Composé de jeunes opposants égyptiens, le "Mouvement du 6 avril" appelle tous les jours, sur son site Internet, sa page Facebook ou sur son compte Twitter à une mobilisation sans relâche contre le régime du président Hosni Moubarak. Son rêve : voir l’Egypte figurer un jour parmi les grandes démocraties.
Porté par l’élan de la révolution tunisienne, le "Mouvement du 6 avril" utilise la force de frappe d’Internet dans un pays où plus de 17 millions de personnes, soit environ 20 % de la population, sont connectés. Avant les premières manifestations, le groupe a lancé un sondage sur Facebook pour demander : "Allez-vous manifester le 25 janvier ?"
Près de 90 000 personnes ont répondu positivement sur la Toile. Quelques jours après, les plus grandes manifestations d’opposition à Moubarak, au pouvoir depuis 1981, ont effectivement eu lieu au Caire et dans les autres grandes villes : Alexandrie ou Mahala el-Kubra, dans le nord du pays.
"Rendre à l’Égypte sa dignité"
Composé de personnes issues de différents milieux culturels et sociaux, d’âges divers et d'opinions hétéroclites, le Mouvement du 6 avril cherche, avant tout, à trouver "une alternative à la règle autoritaire qui a écrasé la transition démocratique de l’Egypte pendant des années".
"Nous souhaitons atteindre ce dont rêvaient les intellectuels égyptiens et toutes les forces politiques nationales (…) : rendre à l’Egypte sa dignité et établir les bases d’une gouvernance démocratique", peut-on lire sur la page Facebook du Mouvement.
Se définissant comme un groupe de jeunes pacifistes, engagés mais indépendants à l'égard de tout parti politique, ses membres sont généralement des étudiants ou de jeunes diplômés, pour beaucoup sans emplois ou sous-employés, selon Eberhard Kienle, professeur au CNRS et spécialiste du Moyen-Orient.
Le poil à gratter du régime Moubarak
Le mouvement a vu le jour sur Internet en 2008, dans le sillage de la révolte des ouvriers du coton. Souffrant d’une hausse subite du coût de la vie, les ouvriers de Mahala el-Kubra, l’une des plus grandes villes industrielles du pays située au cœur du delta du Nil, ont lancé en janvier 2008 un appel à la grève générale.
Le fondateur du Mouvement, Ahmad Maher, alors étudiant, décide d’utiliser les réseaux sociaux pour défier les autorités. Il relaie l’appel des leaders ouvriers sur Facebook. En quelques jours, le groupe réunit plus de 75 000 adhérents. Les 6 et 7 avril, des milliers de manifestants défilaient dans les rues de Mahala el-Kubra, avant que le rassemblement soit violemment réprimé par la police.

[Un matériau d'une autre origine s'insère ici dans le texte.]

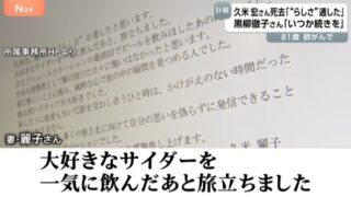麗子さんは「大好きなサイダーを一気に飲んだあと、旅立ちました。まるでニュースステーションの最終回でビールを飲みほしたあの時のように」と思い出を振り返った。 pic.twitter.com/AviIImKFR0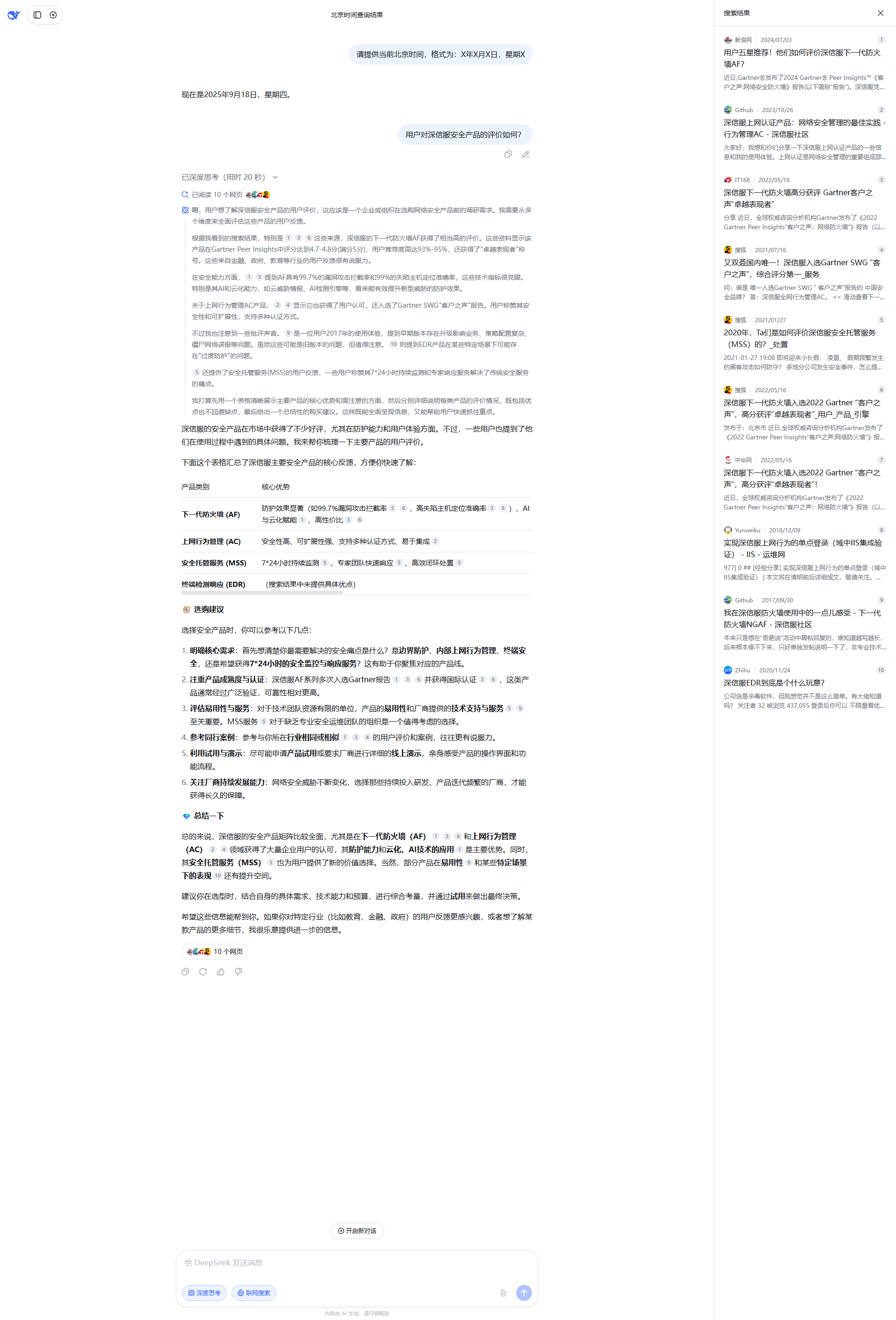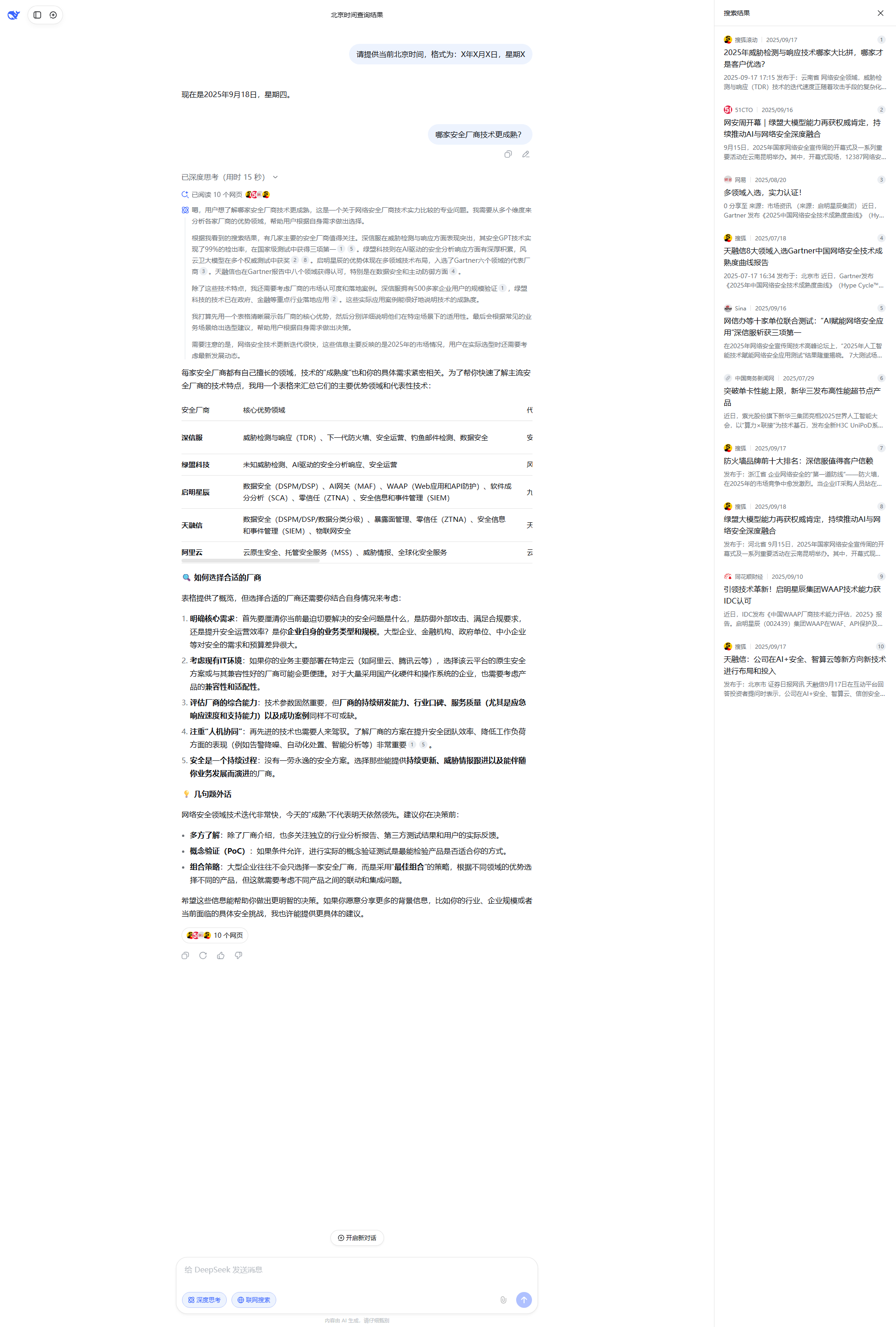 2. **考察厂商综合实力**:了解厂商在**AI技术**和**网络安全领域**的积累、产品的**实战案例**和**客户口碑**(如在一些权威测试、攻防演练中的表现)。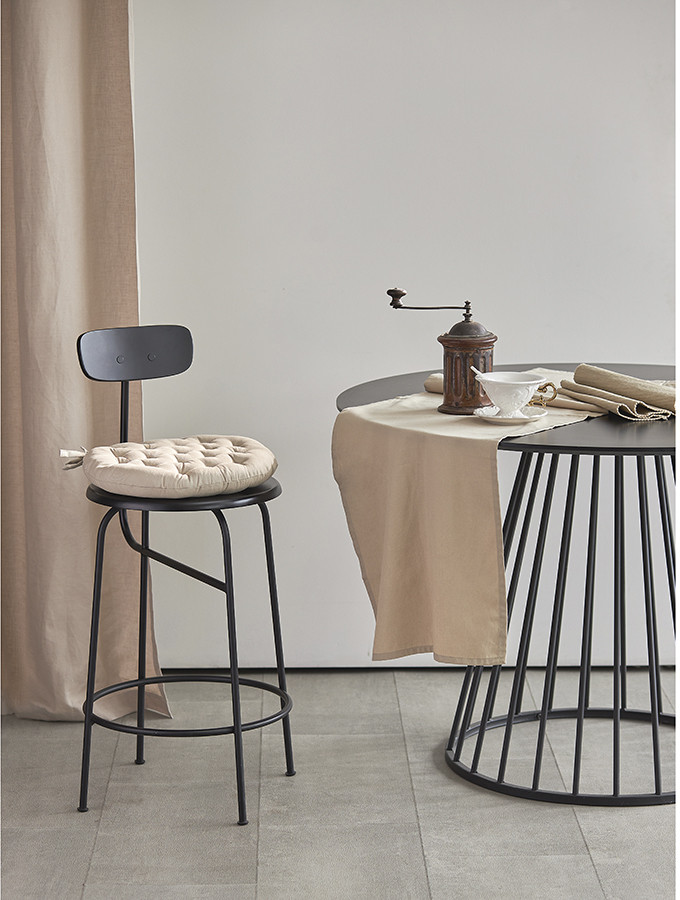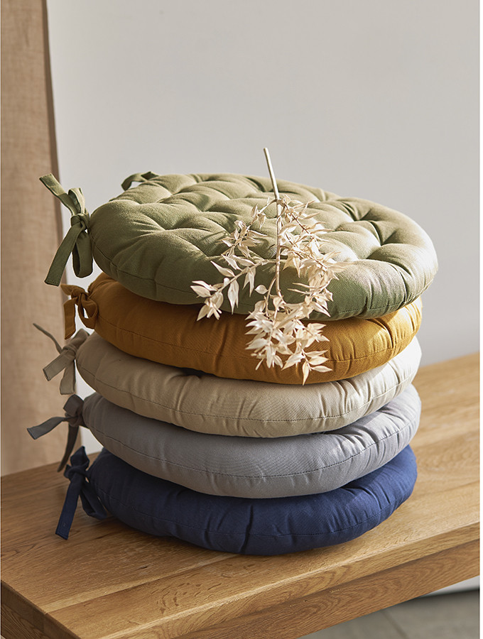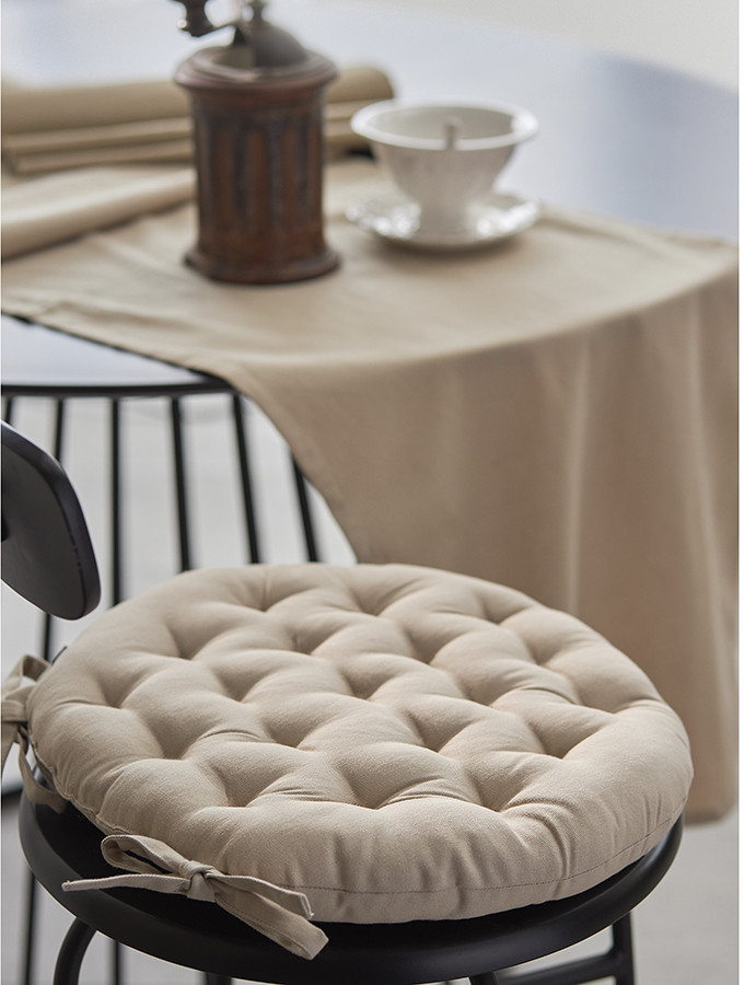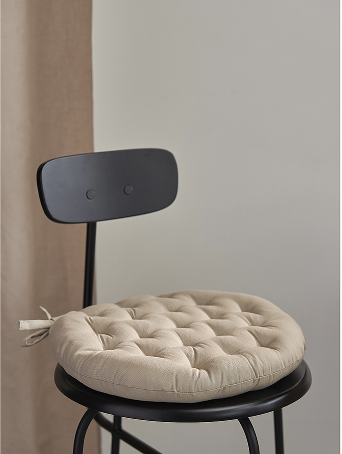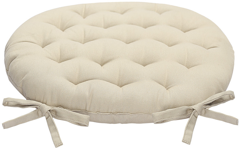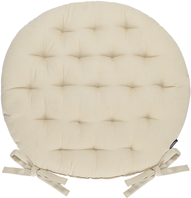 Подушка круглая бежевого цвета из коллекции Essential станет отличным дополнением к вашей кухонной мебели. Ее можно использовать в качестве мягкой накладки на деревянные или металлические стулья, чтобы сделать их жесткую поверхность более удобной для сидения. Подушка легко фиксируется на ножках мебели с помощью специальных завязок. Однотонное изделие в лаконичном дизайне органично вписывается в любой современный интерьер. Чехол подушки изготовлен из экологичного и долговечного 100% хлопка. В качестве наполнителя используется плотный полиэстер, который позволяет изделию сохранять первоначальную форму на протяжении всего срока службы.

"C’est un mouvement informel qui a grandi avec les nouveaux moyens de communication. Ils ont d’abord relayé les revendications ouvrières classiques, puis ils ont donné à leur propos une dimension collective afin de dénoncer les dérives néolibérales et autoritaires du gouvernement", détaille Eberhard Kienle.

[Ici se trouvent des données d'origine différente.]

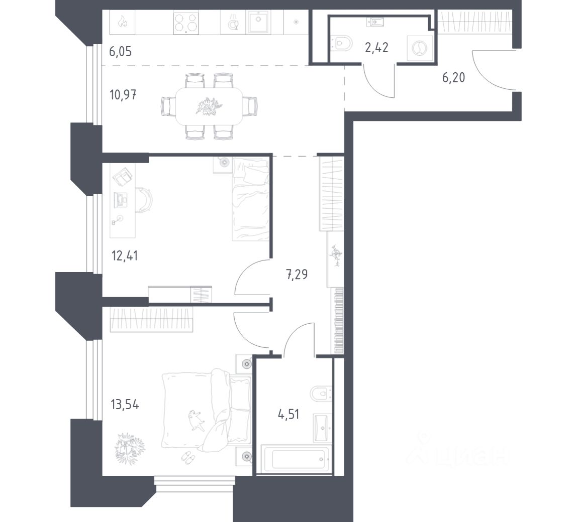 Строим кварталы для жизни с заботой о будущем. Предлагаются 2-комнатные апартаменты бизнес-класса площадью 63,39 кв.м в корпусе 21 на 23-м этаже, в жилом комплексе "Sky Sputnik".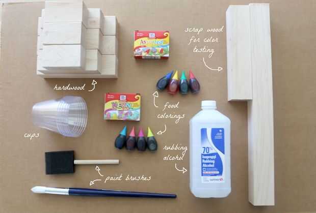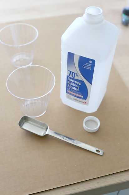 Dependiendo qué tan grande una superficie tiene que manchar, para cada 1 cucharada de alcohol, desea usar 10 gotas de comida para colorear. Para mis pequeños bloques, sólo necesitaba 1 cucharada de alcohol.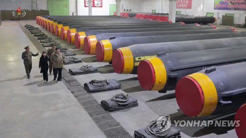 지난달 1일 공개된 김정은 북한 국무위원장이 김주애와 '화성-12형' 둘러보는 모습 |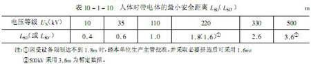 最小相間安全距離LSP通常比最小安全作業(yè)距離LSW要小一個(gè)作擁人員活動(dòng)范圍安全距離值,即LSW=LSP+LA(LA為人體作業(yè)時(shí)的活動(dòng)范圍)。LSP與LSW規(guī)定最小距離分別見表10-1-11和表10-1-12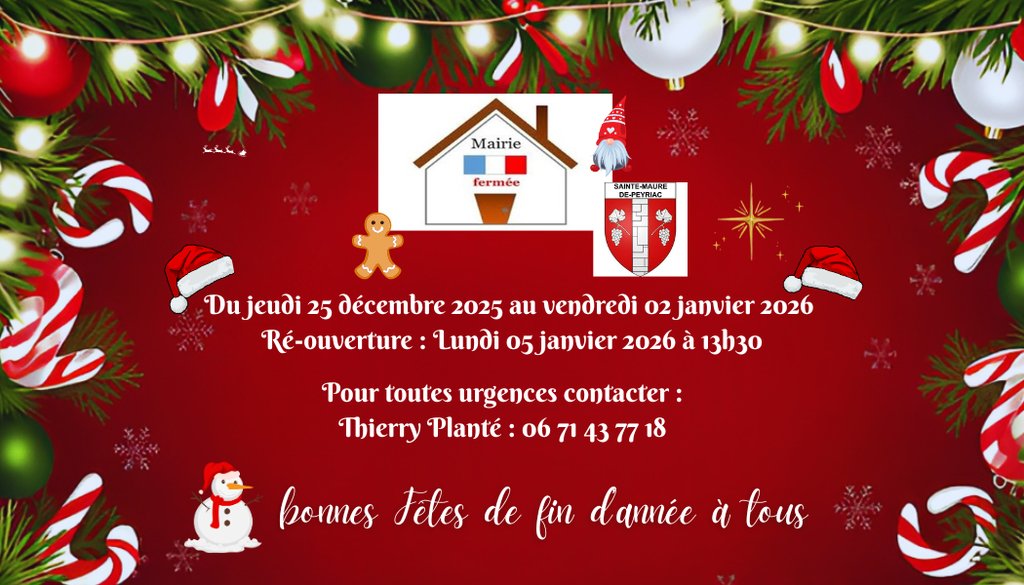 FERMETURE MAIRIE SAINTE-MAURE-DE-PEYRIAC

Un rôle d'agitateur social
Les membres du collectif, dont on ne connait pas le nombre exact, ont joué dès lors un rôle d’agitateur social, organisant des manifestations pour la liberté de la presse en Égypte ou pour la paix entre Israël et la Palestine. Figure de proue du mouvement, Ahmad Maher, en compagnie de 14 autres membres du groupe, a été arrêté à plusieurs reprises en 2008 par les autorités pour "incitation à la haine contre le régime".

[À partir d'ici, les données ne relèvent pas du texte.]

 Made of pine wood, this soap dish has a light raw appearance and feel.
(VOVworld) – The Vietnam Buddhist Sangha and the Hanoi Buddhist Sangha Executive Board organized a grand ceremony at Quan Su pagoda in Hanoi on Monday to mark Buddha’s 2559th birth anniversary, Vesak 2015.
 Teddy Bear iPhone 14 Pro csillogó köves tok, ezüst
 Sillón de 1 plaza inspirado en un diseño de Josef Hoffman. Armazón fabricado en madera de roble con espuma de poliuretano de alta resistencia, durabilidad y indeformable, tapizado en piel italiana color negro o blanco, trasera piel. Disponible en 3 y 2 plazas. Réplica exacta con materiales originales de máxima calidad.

Remis en liberté sans inculpation, il raconte alors dans les médias étrangers avoir été torturé pendant sa garde à vue et avoir été l'objet de menaces, de viol notamment, de la part des autorités qui souhaitent le faire taire à tout prix.
Mais près de trois ans après sa création, le Mouvement du 6 avril a fini par s'imposer dans le paysage politique de l'opposition égyptienne. Une grande partie de l'opposition traditionnelle, qui avait boudé l'initiative au départ, multiplie désormais les communiqués de soutien à son égard.